Gain-of-function studies were performed by using miR-195 and miR-497-transfected BOY and T24 in comparison with the miR-control transfectants. A) Cell proliferation determined by the XTT assay. B) Cell invasion activity demonstrated by the Matrigel invasion assay. C) Cell migration activity determined by the wound healing assay. *, P<0.0001; **, P = 0.009.
Predicted target genes and cancer pathways of the miR-195/497 cluster
To explore the biological functions of the miR-195/497 cluster, we performed in silico analyses using two independent algorithms, TargetScan, and GeneCodis3, and public microarray expression data approved by GEO. The workflow for in silico analysis is shown in Figure 4. At first, the TargetScan database indicated that 6,730 genes were predicted targets of the miR-195/497 cluster, which shared the same seed sequence ‘GCUGCU’ in their 3′-untranslated regions (3′UTR).
A total of 6730 genes were identified by the TargetScan algorithm. Then, 113 significantly enriched signaling pathways were identified by using the KEGG and GeneCodis3 programs. Among them, the top 21 enriched pathways are shown in Table S3. The expression levels of 104 genes in the top enriched pathway (Pathways in cancer) were finally evaluated. Among them, 27 putative target genes were upregulated in BC clinical specimens based on expression data of GEO database (accession numbers; GSE11783 and GSE31684) (Table S4).
Based upon the KEGG pathway classification, these genes were implicated in 113 pathways, and “Pathways in cancer” was the most significantly enriched (Table S3). A total of 104 genes were involved in this pathway. We searched the oncogenes targeted by the miR-195/497 cluster based on the hypothesis that putative oncogenes would be upregulated in clinical specimens due to downregulation of tumor suppressive miR-195/497 miRNAs. By using GEO database analysis, 27 genes were selected as miR-195/497-regulated oncogenic genes in BC (Figure 5 and Table S4). To confirm this analysis, we selected the top two upregulated genes (BIRC5 and WNT7A), and validated whether these miRNAs were regulated by miR-195/497 (below).
BIRC5 and WNT7A were directly regulated by the miR-195/497 cluster in BC cells
The mRNA and protein expression levels of BIRC5 and WNT7A were downregulated in miR-195- and miR-497-transfected BOY and T24 cells in comparison with control transfectants (Figure 6A, B).
A) BIRC5 and WNT7A mRNA expression 72 h after transfection with miR-195, miR-497, and the miR-control. GUSB expression was used for normalization. B) BIRC5 and WNT7A protein expression 72 h after transfection with miR-195, miR-497, and the miR-control. GAPDH was used as a loading control. The ratio of BIRC5 or WNT7A to GAPDH expression was evaluated using ImageJ software (ver. 1.43; http://rsbweb.nih.gov/ij/index.htmL). *P<0.01.

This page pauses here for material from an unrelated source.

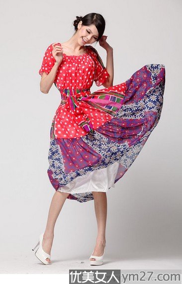 05 用极为艳丽的两种布料组合,圆点穿梭其中带来欢快的气息,腰部的格子图案又起巧妙的塑形作用,下摆的花朵明媚鲜艳,美得让人目不暇接。腰间设计有系带,束出纤纤细腰,与宽大的下摆组合尽展波西米亚风情。
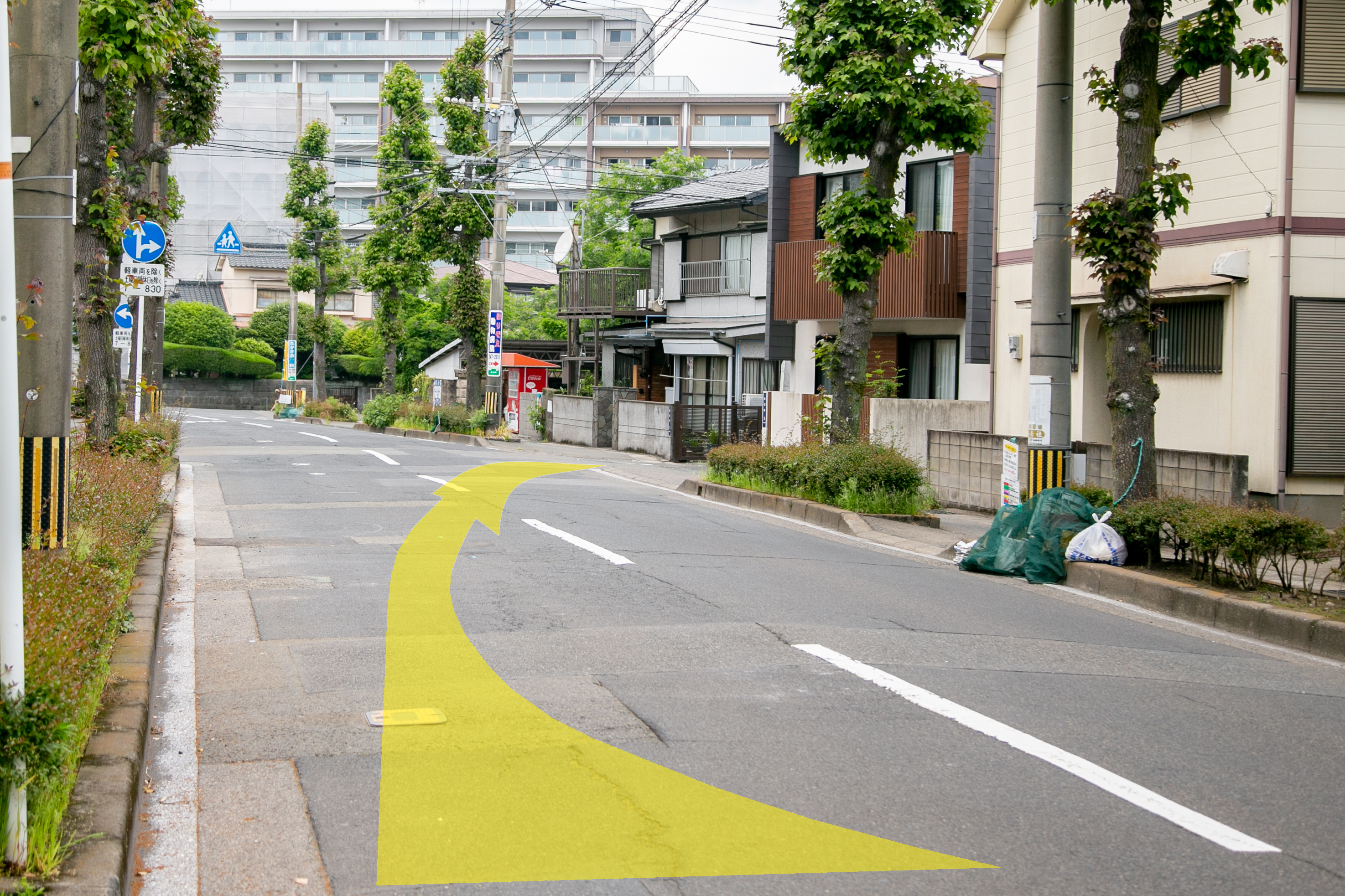 こちらの歩道橋を目印に、歩道橋の信号を左折してください

We next performed luciferase reporter assays to determine whether BIRC5 and WNT7A mRNAs had functional target sites for miR-195 and miR-497 in BC. We used a vector encoding the 3-′UTRs of BIRC5 and WNT7A mRNAs, including putative target sites for miR-195 and miR-497 (positions 198–204 and 197–203, respectively; Table S5). We found that the luminescence intensity was significantly decreased in the presence of the target site of BRIC5 by miR-195- and miR-497-transfectants (Figure 7A). We obtained the same result with a luciferase reporter assay for the WNT7A gene (Figure 7B). These data suggested that miR-195 and miR-497 bound directly to specific sites in the 3′-UTR of both BRIC5 and WNT7A mRNAs.

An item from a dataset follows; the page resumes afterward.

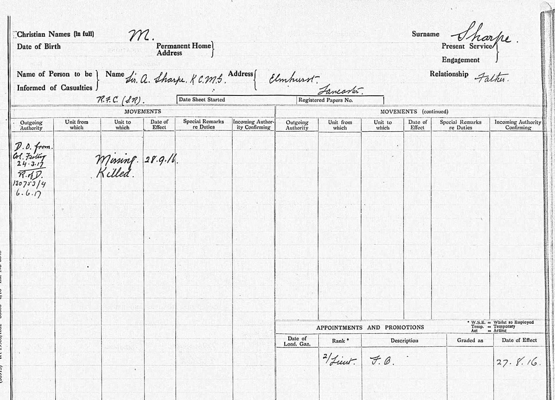 Second LieutenantOther Casualties of this Rank |
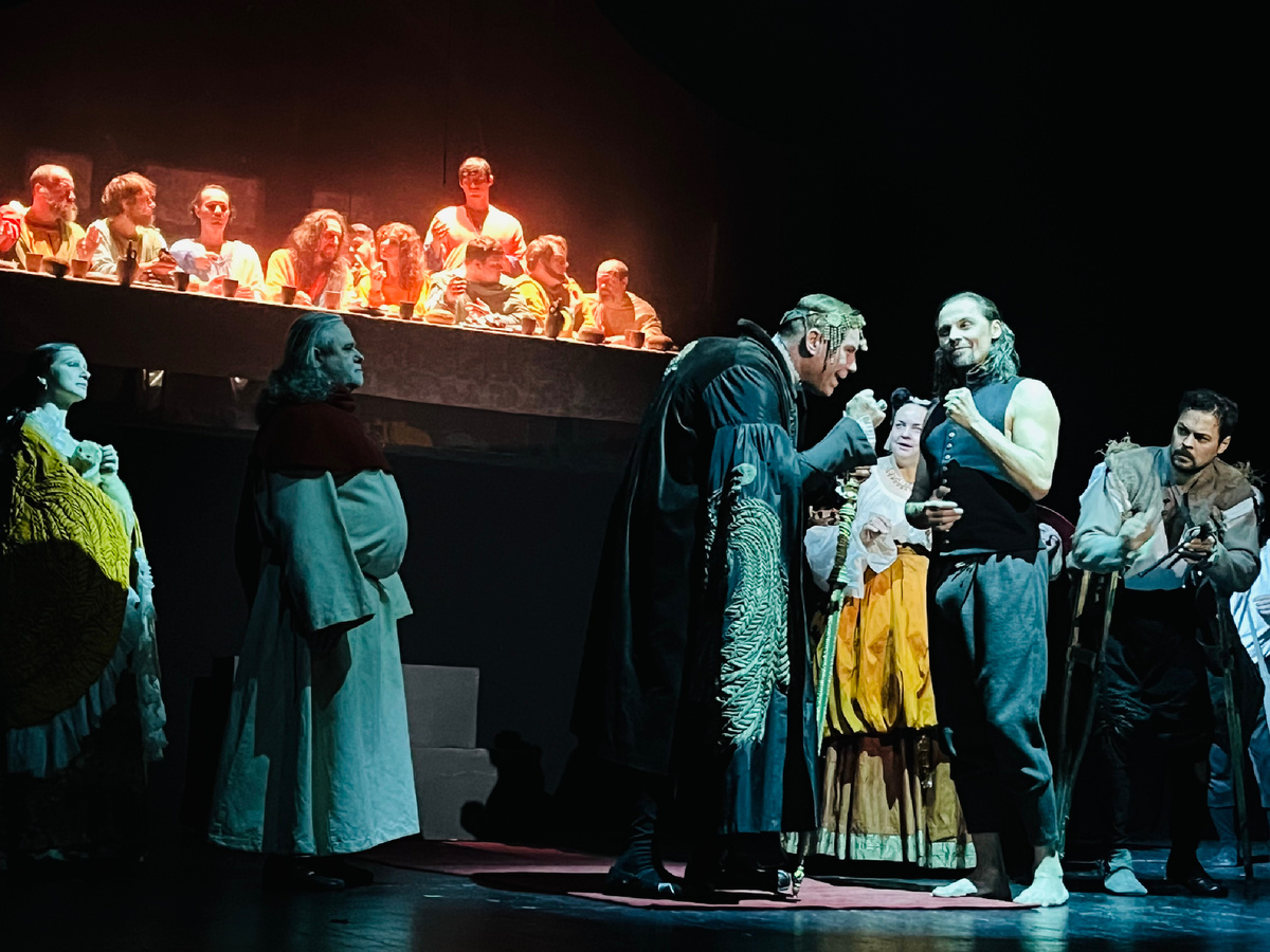 Весь спектакль наполнен оригинальными решениями, раз за разом вызывающими вздох удивления откуда-то из самой глубины души. Начиная с ожившей фрески «Тайная вечеря» и до появления пары белоснежных голубей, зрителю приходится не только задумываться на тем, кто прав, кто виноват, но и испытывать восторг и восхищение от сценографии, замысловатых костюмов, масштабности действия, ведь в постановке, так или иначе, задействована практически вся труппа театра.

Luminescence intensity was measured in miR-195- and miR-497-transfectants in comparison with the miR-control transfectant. A) miR-195/497 cluster binding sites in the 3′-UTR of BIRC5 mRNA. Luciferase reporter assay vector used the encoding 3′-UTR region of BIRC5 including putative miR-195/497 target sites. Renilla luciferase values were normalized to firefly luciferase values. *P<0.01. B) miR-195/497 cluster binding sites in the 3′-UTR of WNT7A mRNA. Luciferase reporter assay vector is the encoding 3′-UTR region of WNT7A including putative miR-195/497 target site. *P<0.01.

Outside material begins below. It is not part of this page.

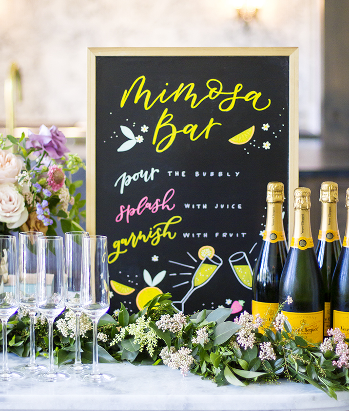 And don’t forget the signage! While a party invitation sets the tone for a party, themed signage continues to sing the melody of your party. Signage need not be complicated, but we can’t resist making things colorfully beautiful. So, we again enlisted Kristara to craft a mimosa bar sign. It simply states how to create your mimosa, while adding such a fun touch to the table.
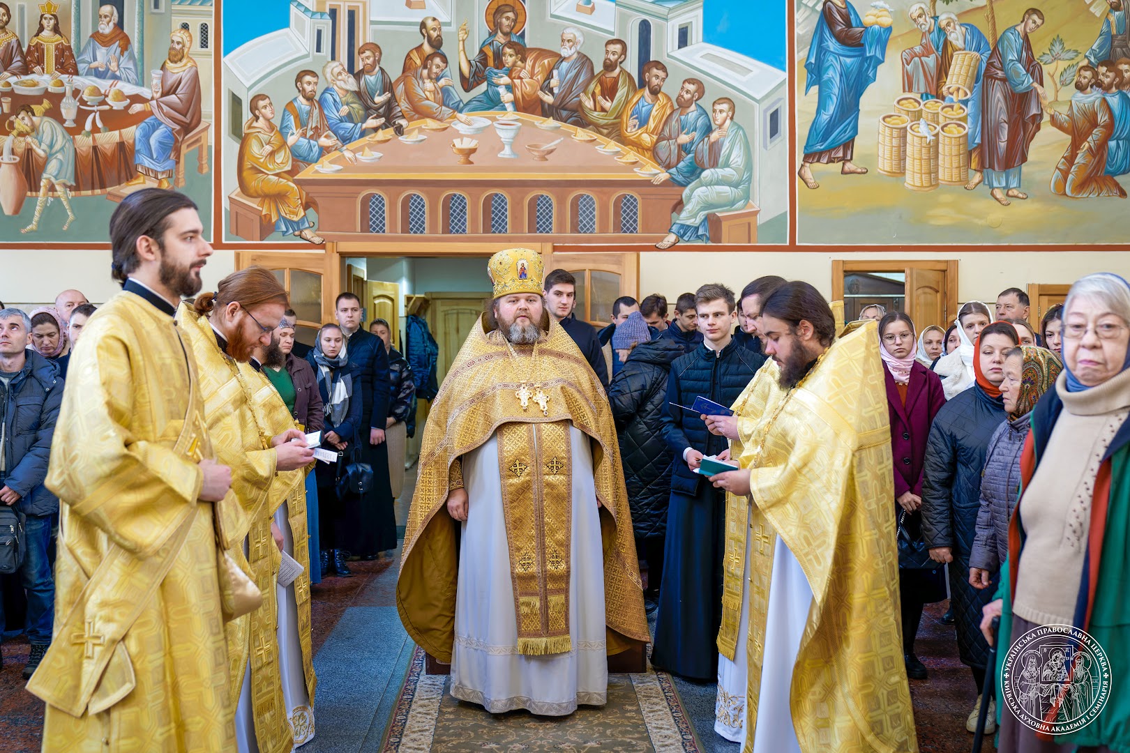 Богослужіння очолив благочинний Академічного храму архімандрит Досифей (Михайлюк) у співслужінні академічного духовенства та студентів Київських духовних шкіл у священному сані.

It is believed that miRNAs regulate the expression of approximately 30% of all genes in the human genome . In normal cells, the interaction of miRNAs and target messenger RNAs (mRNAs) is tightly regulated, whereas this regulation is often missing in cancer cells. A growing body of evidence suggests that miRNAs are aberrantly expressed in many human cancers and that they play significant roles in the initiation, development, and metastasis of these cancers . Therefore, identification of aberrantly expressed miRNAs is an important step in the analysis of human oncogenesis. The latest analytical method in genomics, deep sequencing technology, has the potential to identify novel tissue-specific miRNAs including those in human cancer tissues . Deep sequencing technology is currently the gold standard for comprehensive analysis of human miRNAs. In this study, deep sequencing identified a large set of miRNAs that are differentially expressed between BC and normal epithelia.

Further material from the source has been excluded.